The full listing, start to finish: write it out again exactly.

+++

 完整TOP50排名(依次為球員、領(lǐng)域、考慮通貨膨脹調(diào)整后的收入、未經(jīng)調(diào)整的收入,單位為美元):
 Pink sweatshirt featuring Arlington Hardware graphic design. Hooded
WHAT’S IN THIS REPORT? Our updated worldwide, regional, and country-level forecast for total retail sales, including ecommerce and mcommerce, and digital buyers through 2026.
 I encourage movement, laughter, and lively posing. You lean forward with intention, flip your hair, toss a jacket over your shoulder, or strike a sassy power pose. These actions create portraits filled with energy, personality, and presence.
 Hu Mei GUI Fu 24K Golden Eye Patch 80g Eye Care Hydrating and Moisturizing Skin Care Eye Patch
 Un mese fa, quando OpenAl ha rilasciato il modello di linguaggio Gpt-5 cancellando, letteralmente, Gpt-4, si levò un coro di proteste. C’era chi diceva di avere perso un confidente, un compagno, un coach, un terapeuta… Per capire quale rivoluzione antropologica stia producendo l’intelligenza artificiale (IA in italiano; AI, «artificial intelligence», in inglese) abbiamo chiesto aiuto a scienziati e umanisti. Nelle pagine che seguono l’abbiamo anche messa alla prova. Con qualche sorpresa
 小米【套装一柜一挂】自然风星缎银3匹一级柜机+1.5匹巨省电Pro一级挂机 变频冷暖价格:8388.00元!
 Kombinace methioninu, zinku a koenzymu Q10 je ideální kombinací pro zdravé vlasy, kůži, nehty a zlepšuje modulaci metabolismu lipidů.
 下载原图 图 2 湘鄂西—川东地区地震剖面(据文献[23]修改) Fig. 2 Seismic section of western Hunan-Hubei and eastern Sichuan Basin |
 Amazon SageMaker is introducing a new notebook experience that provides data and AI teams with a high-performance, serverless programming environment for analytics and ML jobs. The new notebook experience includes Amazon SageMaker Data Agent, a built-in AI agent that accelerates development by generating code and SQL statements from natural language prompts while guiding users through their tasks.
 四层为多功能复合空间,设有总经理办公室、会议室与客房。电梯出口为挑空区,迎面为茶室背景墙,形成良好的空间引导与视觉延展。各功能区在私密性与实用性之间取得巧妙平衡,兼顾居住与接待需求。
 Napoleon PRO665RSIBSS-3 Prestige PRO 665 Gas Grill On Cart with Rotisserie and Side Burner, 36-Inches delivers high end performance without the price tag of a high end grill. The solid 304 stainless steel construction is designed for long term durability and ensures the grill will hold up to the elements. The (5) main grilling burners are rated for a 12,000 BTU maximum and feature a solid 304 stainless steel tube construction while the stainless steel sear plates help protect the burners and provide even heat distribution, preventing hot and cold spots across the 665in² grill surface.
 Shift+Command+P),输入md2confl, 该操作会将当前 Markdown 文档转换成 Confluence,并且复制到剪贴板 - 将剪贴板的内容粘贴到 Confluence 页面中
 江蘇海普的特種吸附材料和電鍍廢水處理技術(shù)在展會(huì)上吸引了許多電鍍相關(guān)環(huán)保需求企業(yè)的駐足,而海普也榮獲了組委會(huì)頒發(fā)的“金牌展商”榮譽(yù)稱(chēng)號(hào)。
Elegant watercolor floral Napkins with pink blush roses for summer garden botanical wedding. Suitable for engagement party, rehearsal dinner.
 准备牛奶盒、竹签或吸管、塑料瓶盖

+++

■ **EXERCISE ANSWER**
 完整TOP50排名(依次為球員、領(lǐng)域、考慮通貨膨脹調(diào)整后的收入、未經(jīng)調(diào)整的收入,單位為美元):
 Pink sweatshirt featuring Arlington Hardware graphic design. Hooded
WHAT’S IN THIS REPORT? Our updated worldwide, regional, and country-level forecast for total retail sales, including ecommerce and mcommerce, and digital buyers through 2026.
 I encourage movement, laughter, and lively posing. You lean forward with intention, flip your hair, toss a jacket over your shoulder, or strike a sassy power pose. These actions create portraits filled with energy, personality, and presence.
 Hu Mei GUI Fu 24K Golden Eye Patch 80g Eye Care Hydrating and Moisturizing Skin Care Eye Patch
 Un mese fa, quando OpenAl ha rilasciato il modello di linguaggio Gpt-5 cancellando, letteralmente, Gpt-4, si levò un coro di proteste. C’era chi diceva di avere perso un confidente, un compagno, un coach, un terapeuta… Per capire quale rivoluzione antropologica stia producendo l’intelligenza artificiale (IA in italiano; AI, «artificial intelligence», in inglese) abbiamo chiesto aiuto a scienziati e umanisti. Nelle pagine che seguono l’abbiamo anche messa alla prova. Con qualche sorpresa
 小米【套装一柜一挂】自然风星缎银3匹一级柜机+1.5匹巨省电Pro一级挂机 变频冷暖价格:8388.00元!
 Kombinace methioninu, zinku a koenzymu Q10 je ideální kombinací pro zdravé vlasy, kůži, nehty a zlepšuje modulaci metabolismu lipidů.
 下载原图 图 2 湘鄂西—川东地区地震剖面(据文献[23]修改) Fig. 2 Seismic section of western Hunan-Hubei and eastern Sichuan Basin |
 Amazon SageMaker is introducing a new notebook experience that provides data and AI teams with a high-performance, serverless programming environment for analytics and ML jobs. The new notebook experience includes Amazon SageMaker Data Agent, a built-in AI agent that accelerates development by generating code and SQL statements from natural language prompts while guiding users through their tasks.
 四层为多功能复合空间,设有总经理办公室、会议室与客房。电梯出口为挑空区,迎面为茶室背景墙,形成良好的空间引导与视觉延展。各功能区在私密性与实用性之间取得巧妙平衡,兼顾居住与接待需求。
 Napoleon PRO665RSIBSS-3 Prestige PRO 665 Gas Grill On Cart with Rotisserie and Side Burner, 36-Inches delivers high end performance without the price tag of a high end grill. The solid 304 stainless steel construction is designed for long term durability and ensures the grill will hold up to the elements. The (5) main grilling burners are rated for a 12,000 BTU maximum and feature a solid 304 stainless steel tube construction while the stainless steel sear plates help protect the burners and provide even heat distribution, preventing hot and cold spots across the 665in² grill surface.
 Shift+Command+P),输入md2confl, 该操作会将当前 Markdown 文档转换成 Confluence,并且复制到剪贴板 - 将剪贴板的内容粘贴到 Confluence 页面中
 江蘇海普的特種吸附材料和電鍍廢水處理技術(shù)在展會(huì)上吸引了許多電鍍相關(guān)環(huán)保需求企業(yè)的駐足,而海普也榮獲了組委會(huì)頒發(fā)的“金牌展商”榮譽(yù)稱(chēng)號(hào)。
Elegant watercolor floral Napkins with pink blush roses for summer garden botanical wedding. Suitable for engagement party, rehearsal dinner.
 准备牛奶盒、竹签或吸管、塑料瓶盖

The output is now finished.